> [YOUR INSTRUCTIONS]:
The required copy runs from the first line of the material through the line containing "Longitudinal or oblique", exactly as written and without pictures.

> [INFORMATION SHOWN]:
|---|

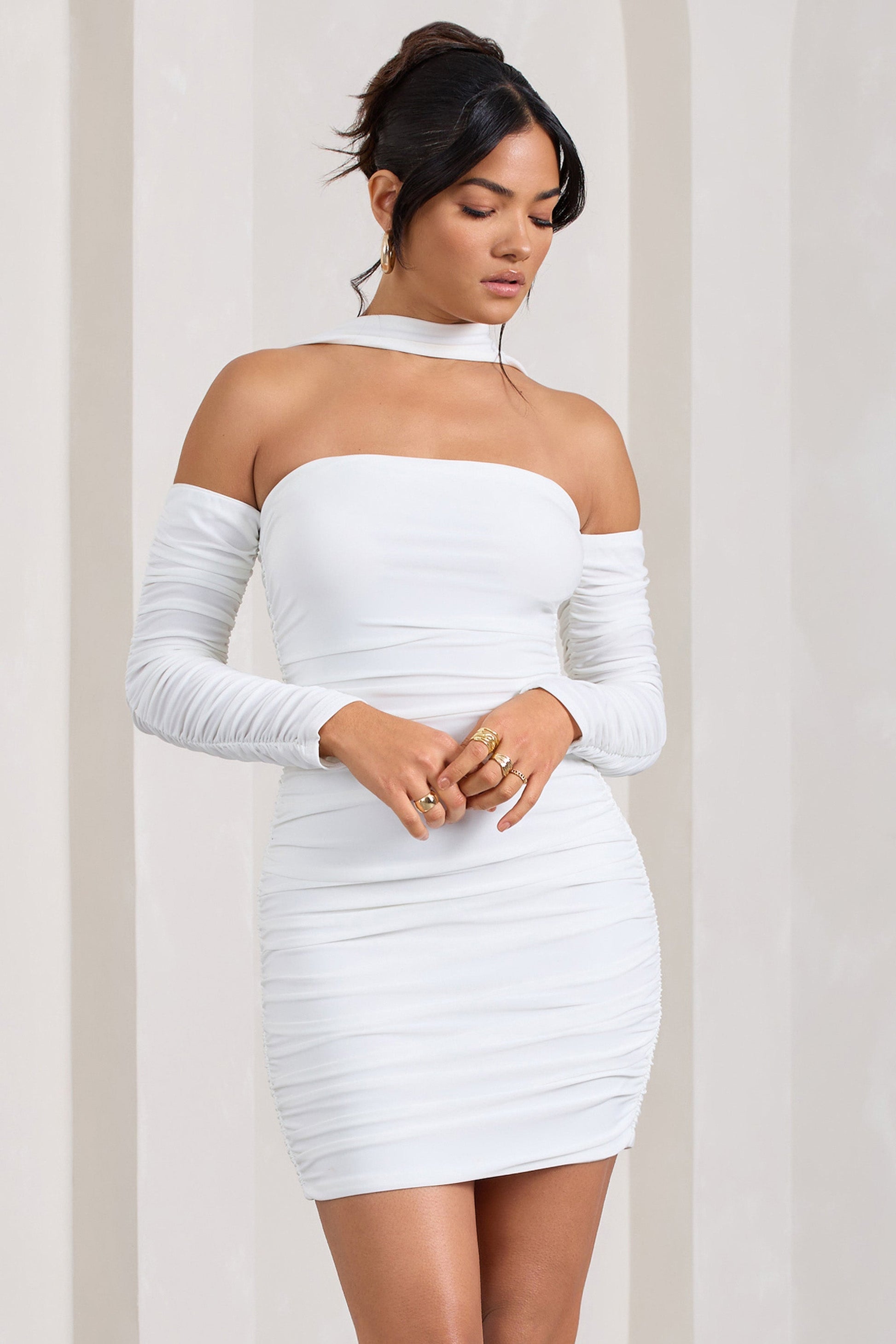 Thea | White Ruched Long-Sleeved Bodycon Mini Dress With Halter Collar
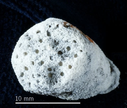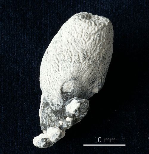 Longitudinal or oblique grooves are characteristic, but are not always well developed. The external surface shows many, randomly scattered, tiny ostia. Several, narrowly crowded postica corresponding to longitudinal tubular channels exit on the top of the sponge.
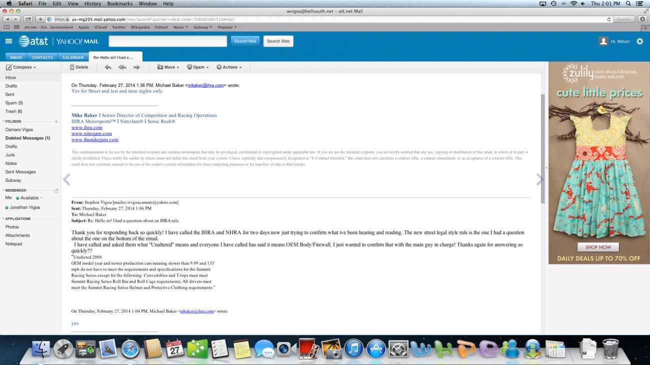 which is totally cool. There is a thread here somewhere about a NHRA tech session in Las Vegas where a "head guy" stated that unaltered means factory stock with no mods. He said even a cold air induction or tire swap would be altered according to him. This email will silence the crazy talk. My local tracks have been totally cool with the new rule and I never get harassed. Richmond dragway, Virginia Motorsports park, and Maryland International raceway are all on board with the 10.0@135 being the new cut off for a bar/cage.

|---|

> [RESPONSE TO THIS EXERCISE]:
 Thea | White Ruched Long-Sleeved Bodycon Mini Dress With Halter Collar
 Longitudinal or oblique grooves are characteristic, but are not always well developed. The external surface shows many, randomly scattered, tiny ostia. Several, narrowly crowded postica corresponding to longitudinal tubular channels exit on the top of the sponge.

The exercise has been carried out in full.